Due to the ongoing involuntary switch to the socially distant online mode of operation, I am instead stranded “in here”, mostly at my place, pondering about which healthy routine could get me into a flow to scrape together some productive hours, at home, every day. Next to this intrapersonal struggle, I feel the weight of missing out on the interpersonal experience of my first conferences and collecting data in direct contact with informants. Sure, going online means going global, saving time and money for travels, switching instantly from one seminar with a god*dess of one field of knowledge to a symposium regarding one’s research ideas, or having another virtual turn of data collection.
But what is a PhD without networking and meeting other students to share coping strategies? When will the advice from experienced scholars about their early struggles apply again, because their world was more of an oyster than the online cave we live in today? Where is the immediate and inescapable imposter syndrome kicking in when approaching potential co-authors to win them for research ideas? Am I really connecting with my field and data if it is all online? Weren’t those experiences supposed to let me grow as a scholar?
I am hopeful that these missing experiences do not have a too grave impact on my personal and professional development. Yet, who am I to know what the “real” PhD experience feels like when, for the most part, I only know the pandemic version of it? Certainly, the interpersonal experience of scholarship is missing, but with IFERA’s efforts in providing resources and platforms to learn and connect, I do not feel less connected to the family business community I would like to grow a part of.
Carlotta Benedetti, 4th year PhD student
The lockdown started immediately after I came back from New Mexico, where I did my PhD visiting period. When the pandemic emergency hit us, I was in between the third and the last year of my PhD. Initially I have spent a few weeks getting used to the new routine of working from home, but I never really took a break to understand what was going on. I basically just moved most of my activities from physical to virtual.
Going back to that period, I remember dealing with contrasting feelings. On one side, I felt like my freedom was taken away. On the other side, I slowly understood that I could look at the pandemic as an opportunity to focus on drafting the articles for my PhD dissertation without further distractions. In addition, taking a break from my everyday routine and comparing myself with fellow PhD students who started their journey in the middle of a pandemic emergency made me realize how lucky I was in many different ways.

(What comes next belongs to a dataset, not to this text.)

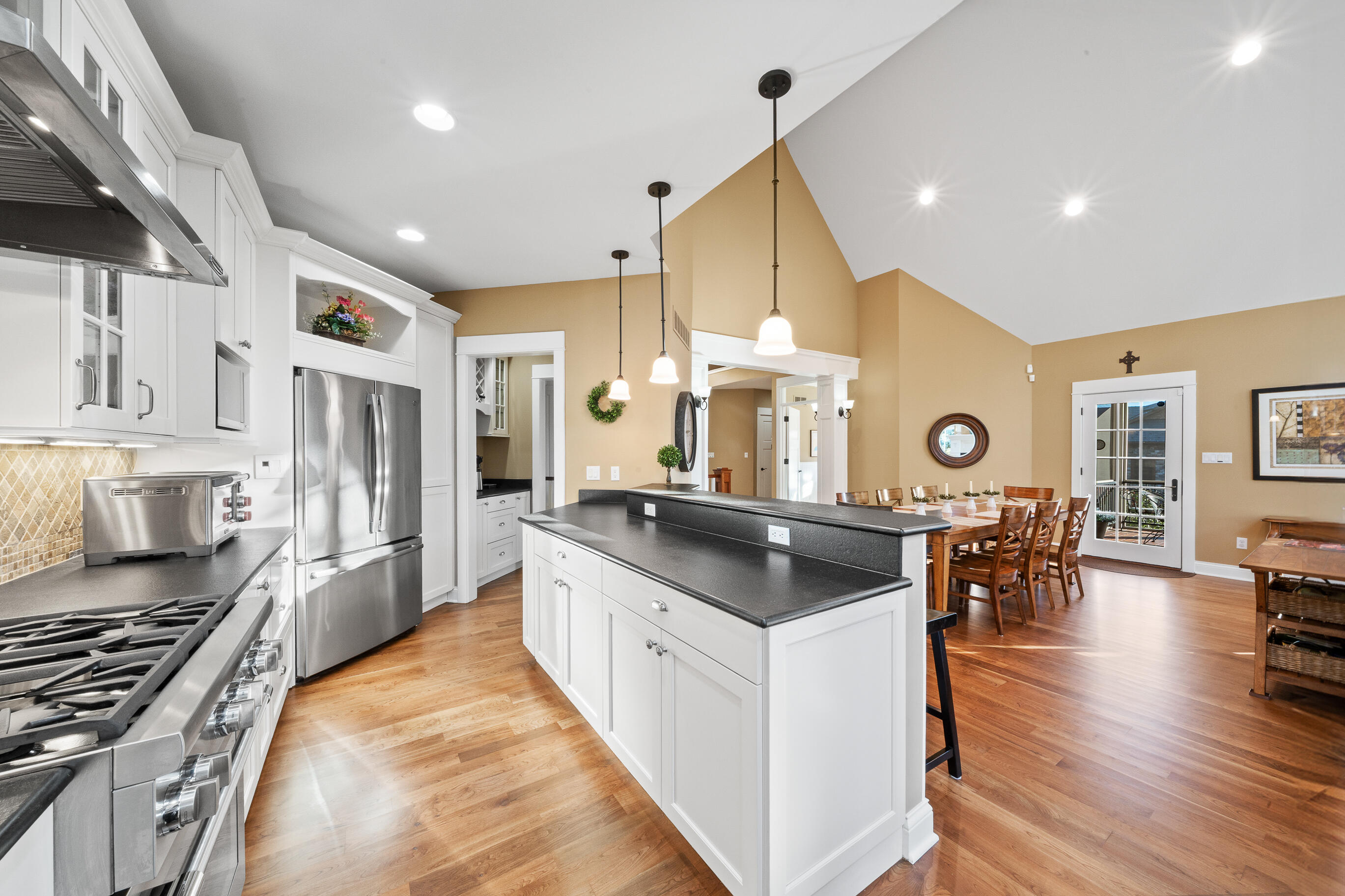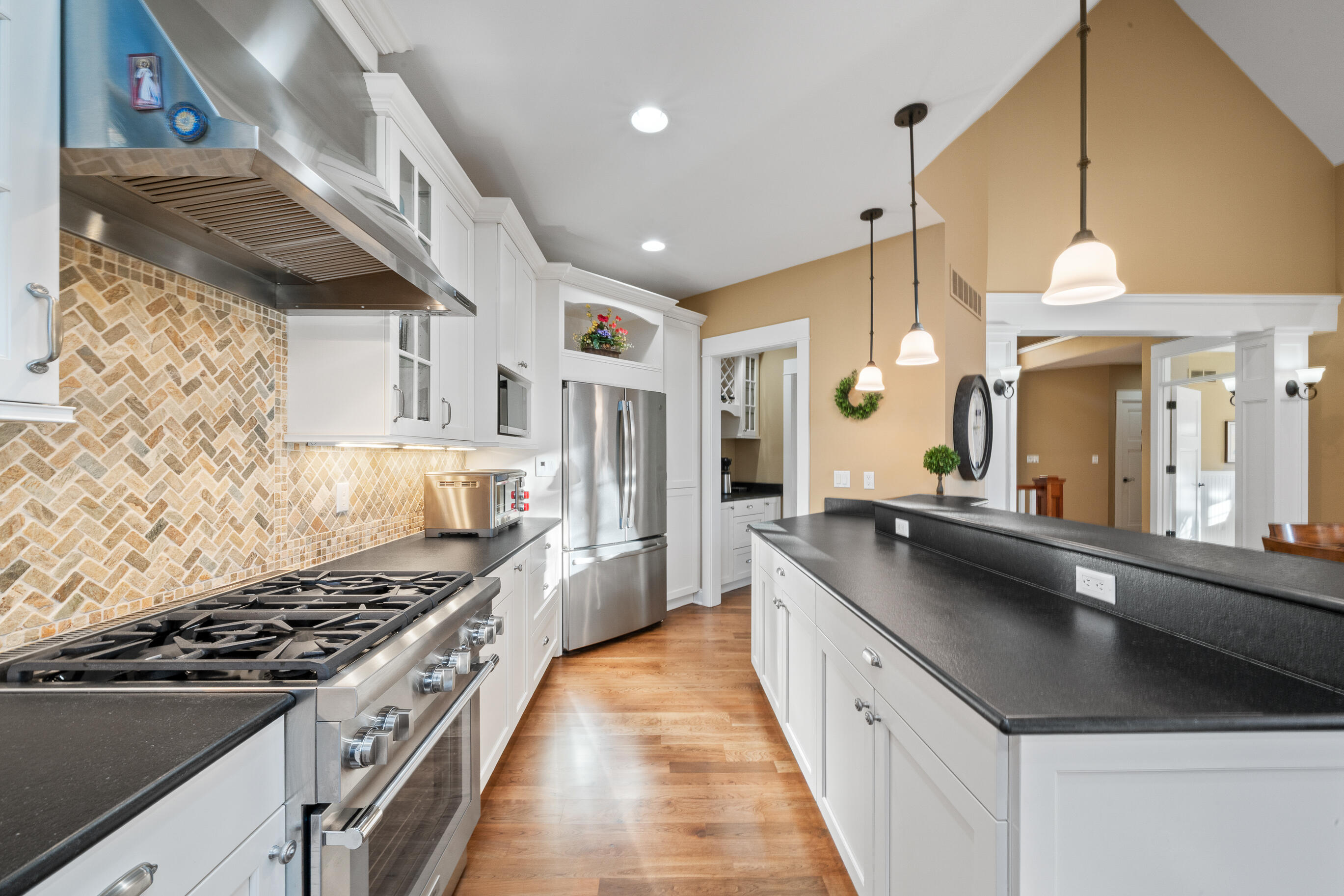 Designed and built by Scott Lowell, this custom ranch home offers 5,750 sq. ft. of curated living space in The Savannah. This impeccably maintained property is the quintessential New England coastal home focused on a spacious, warm and gracious interior and multiple indoor and outdoor living spaces. Ideally suited for entertaining, the home can easily accommodate large gatherings.A light filled, 2 story cupola entrance welcomes guests to the heart of the home where great room, kitchen and dining area blend seamlessly. Steps away a tranquil screened porch provides a seasonal haven for relaxing. A 2019 addition brought a second kitchen, family room w/game area, heath room w/ fireplace, and finished LL w/dorm room, full bath and guest room plus a second, 2 car garage. Beautifully appointed.

For instance, being a qualitative researcher, during the second year of my PhD I have had access to family enterprises and gathered my data through interviews, observations, participation to meetings, events and other personal interactions that are now generally discouraged. It is hard to imagine how the same data collection would have been by using mostly virtual platforms. I therefore admire younger PhD students who decide not to give up and find new and creative ways to gather their data. In addition, some of the best memories of this PhD journey as well as part of my learning process come from the conferences I attended, from the everyday interactions with senior colleagues and other PhD students, and from the incredible experience of visiting an inspiring professor and her institution for three months.
Being aware that not all PhD students, and in particular the ones who started their program during the pandemic, will not be as lucky as I was, I believe that being part of the family business community, which is dedicating an incredible effort in keeping us connected and inspired, play a crucial role in our present and future development.